---------- MATERIAL FOR THE TASK

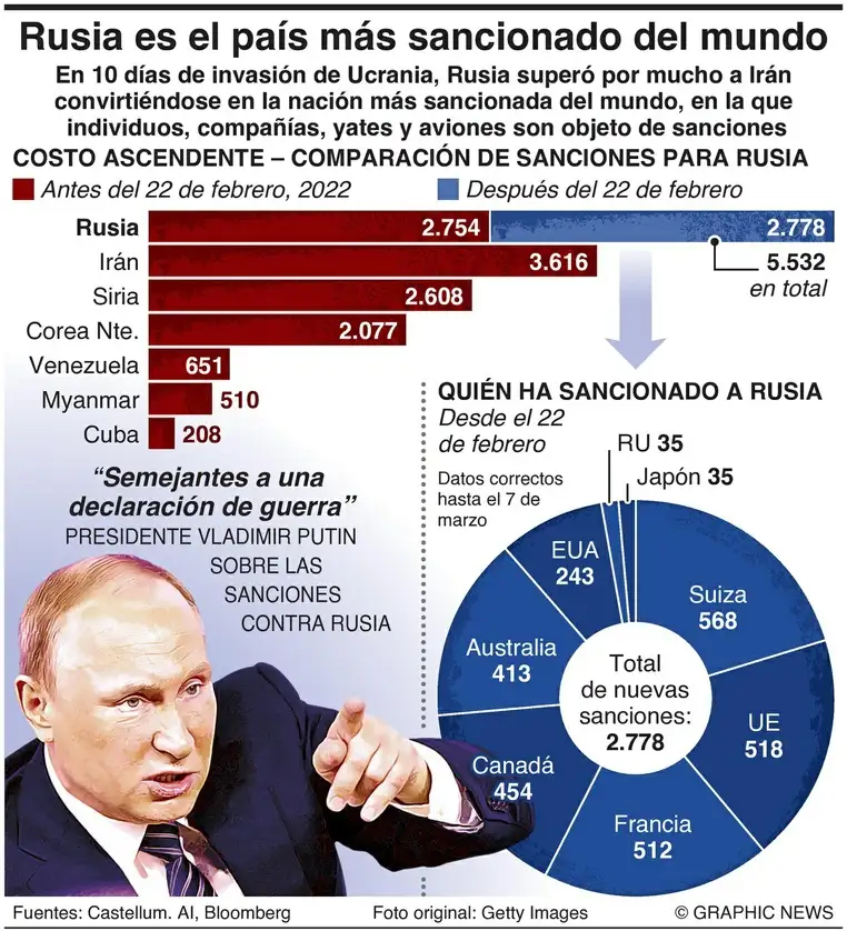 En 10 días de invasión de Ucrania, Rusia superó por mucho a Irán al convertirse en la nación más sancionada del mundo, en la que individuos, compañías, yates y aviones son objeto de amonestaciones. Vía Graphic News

--------------------
---------- MATERIAL FOR THE TASK

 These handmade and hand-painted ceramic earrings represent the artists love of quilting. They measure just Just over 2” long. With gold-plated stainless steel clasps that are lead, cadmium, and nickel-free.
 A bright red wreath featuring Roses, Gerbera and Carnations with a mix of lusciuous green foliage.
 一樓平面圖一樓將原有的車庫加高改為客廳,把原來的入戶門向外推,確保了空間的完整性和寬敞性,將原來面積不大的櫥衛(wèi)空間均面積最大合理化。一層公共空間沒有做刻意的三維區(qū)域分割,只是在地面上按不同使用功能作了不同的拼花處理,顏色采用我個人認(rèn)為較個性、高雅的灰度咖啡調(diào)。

--------------------
---------- MATERIAL FOR THE TASK

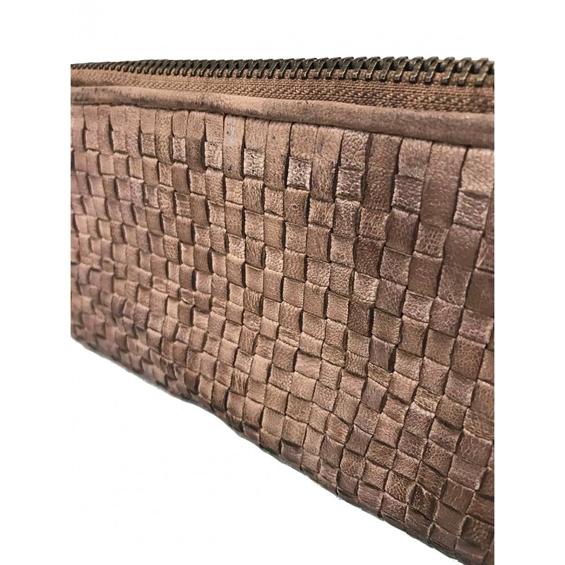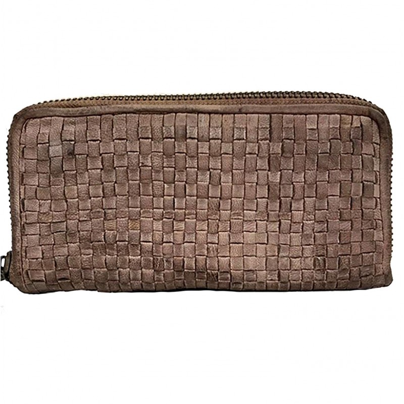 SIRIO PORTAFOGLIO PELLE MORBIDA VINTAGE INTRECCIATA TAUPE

--------------------

Please give again the lines above between the line holding "These handmade and" and the line holding "一樓平面圖一樓將原有的車庫加", inclusive, exactly as they are and with nothing added.

RESULT OF THIS TASK:
 These handmade and hand-painted ceramic earrings represent the artists love of quilting. They measure just Just over 2” long. With gold-plated stainless steel clasps that are lead, cadmium, and nickel-free.
 A bright red wreath featuring Roses, Gerbera and Carnations with a mix of lusciuous green foliage.
 一樓平面圖一樓將原有的車庫加高改為客廳,把原來的入戶門向外推,確保了空間的完整性和寬敞性,將原來面積不大的櫥衛(wèi)空間均面積最大合理化。一層公共空間沒有做刻意的三維區(qū)域分割,只是在地面上按不同使用功能作了不同的拼花處理,顏色采用我個人認(rèn)為較個性、高雅的灰度咖啡調(diào)。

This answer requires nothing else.